◆ **Work instructions**
Leave out the pictures, and print exactly the lines from the one holding "[OSEN=조은정 기자]tvN 새" through the last line of the material.

◆ **Available data**

Segment Open

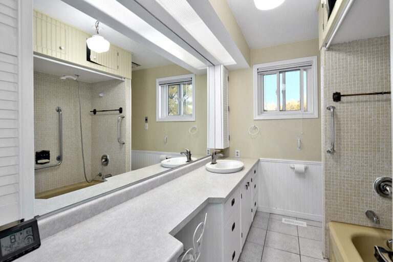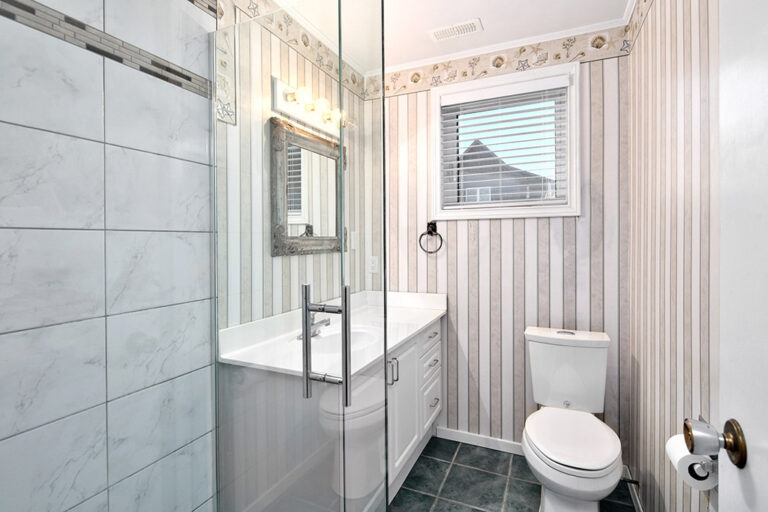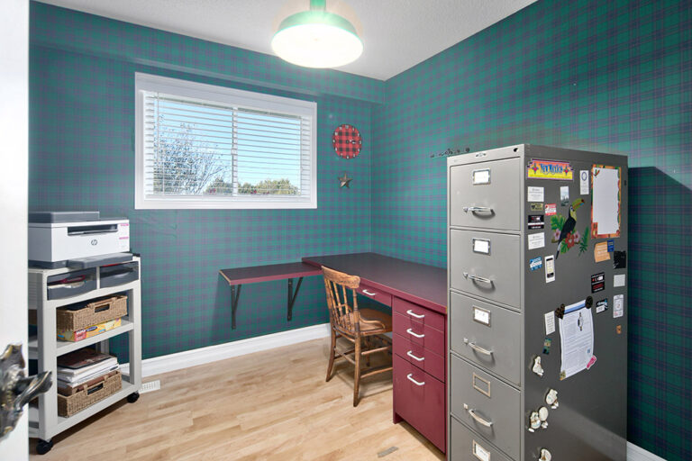 On the top floor, you’ll find three excellent-sized bedrooms and a modern 3-piece bath with a glass shower. Each room enjoys generous natural light and views of the surrounding greenery.
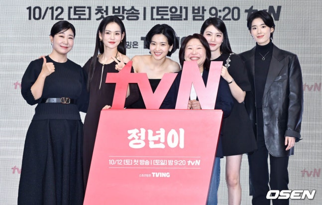 [OSEN=조은정 기자]tvN 새 토일드라마 '정년이'(극본 최효비, 연출 정지인) 제작발표회가 10일 오후 서울 영등포구 콘래드 서울 호텔에서 열렸다.'정년이'는 1950년대 한국전쟁 후 최고의 국극 배우에 도전하는 '타고난 소리 천재' 정년이를 둘러싼 경쟁과 연대, 그리고 찬란한 성장기를 그리는 드라마. '여성 국극'이라는 신선한 소재로 눈길을 끈다. 배우 라미란, 김혜윤, 김태리, 신예은, 정은채가 포즈를 취하고 있다. 2024.10.10 /cej@osen.co.kr
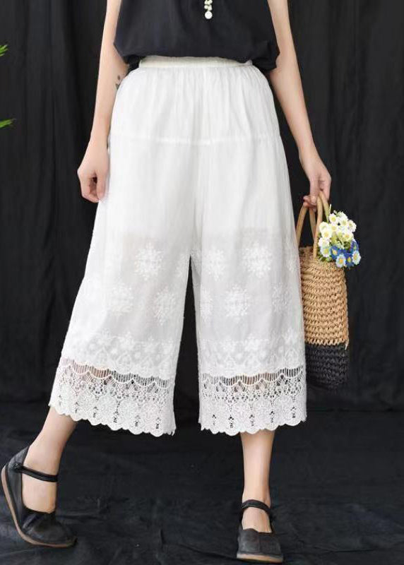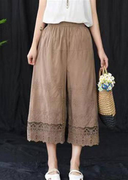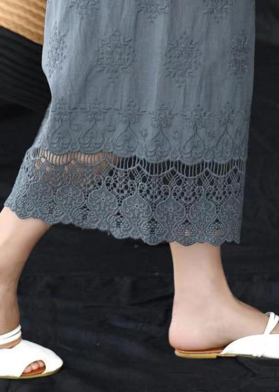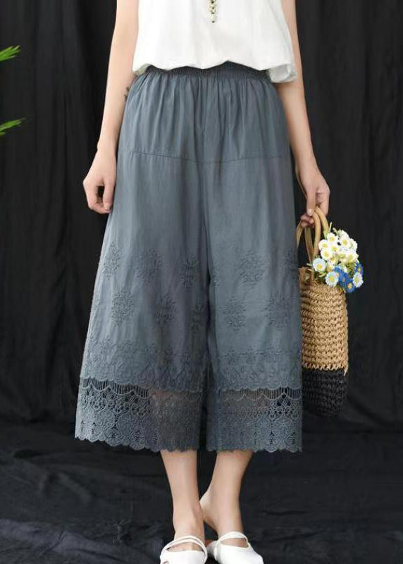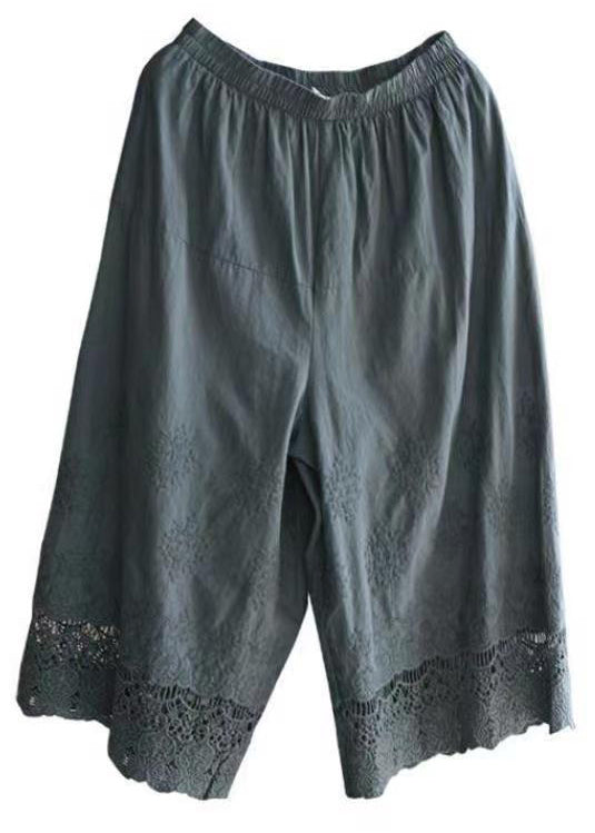 Women Grey Embroidered Elastic Waist Cotton Crop Pants Summer
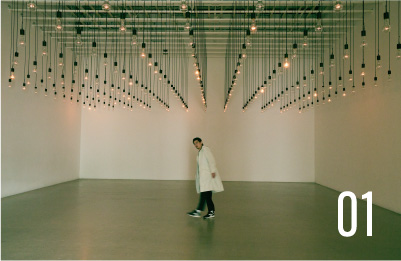 イレーヴのブルゾンとパンツにスティル バイ ハンドのコートを合わせたコーデ。アート作品が並ぶミニマルな空間でも映えるよう黒のワントーンで統一し、存在感を出している。素材感がそれぞれ異なるため、ノッペリとした印象にはならないだろう。また、足元のカジュアルなスニーカーが、適度な抜け感をプラスしている。

Segment Closed

◆ **Answer box**
 [OSEN=조은정 기자]tvN 새 토일드라마 '정년이'(극본 최효비, 연출 정지인) 제작발표회가 10일 오후 서울 영등포구 콘래드 서울 호텔에서 열렸다.'정년이'는 1950년대 한국전쟁 후 최고의 국극 배우에 도전하는 '타고난 소리 천재' 정년이를 둘러싼 경쟁과 연대, 그리고 찬란한 성장기를 그리는 드라마. '여성 국극'이라는 신선한 소재로 눈길을 끈다. 배우 라미란, 김혜윤, 김태리, 신예은, 정은채가 포즈를 취하고 있다. 2024.10.10 /cej@osen.co.kr
 Women Grey Embroidered Elastic Waist Cotton Crop Pants Summer
 イレーヴのブルゾンとパンツにスティル バイ ハンドのコートを合わせたコーデ。アート作品が並ぶミニマルな空間でも映えるよう黒のワントーンで統一し、存在感を出している。素材感がそれぞれ異なるため、ノッペリとした印象にはならないだろう。また、足元のカジュアルなスニーカーが、適度な抜け感をプラスしている。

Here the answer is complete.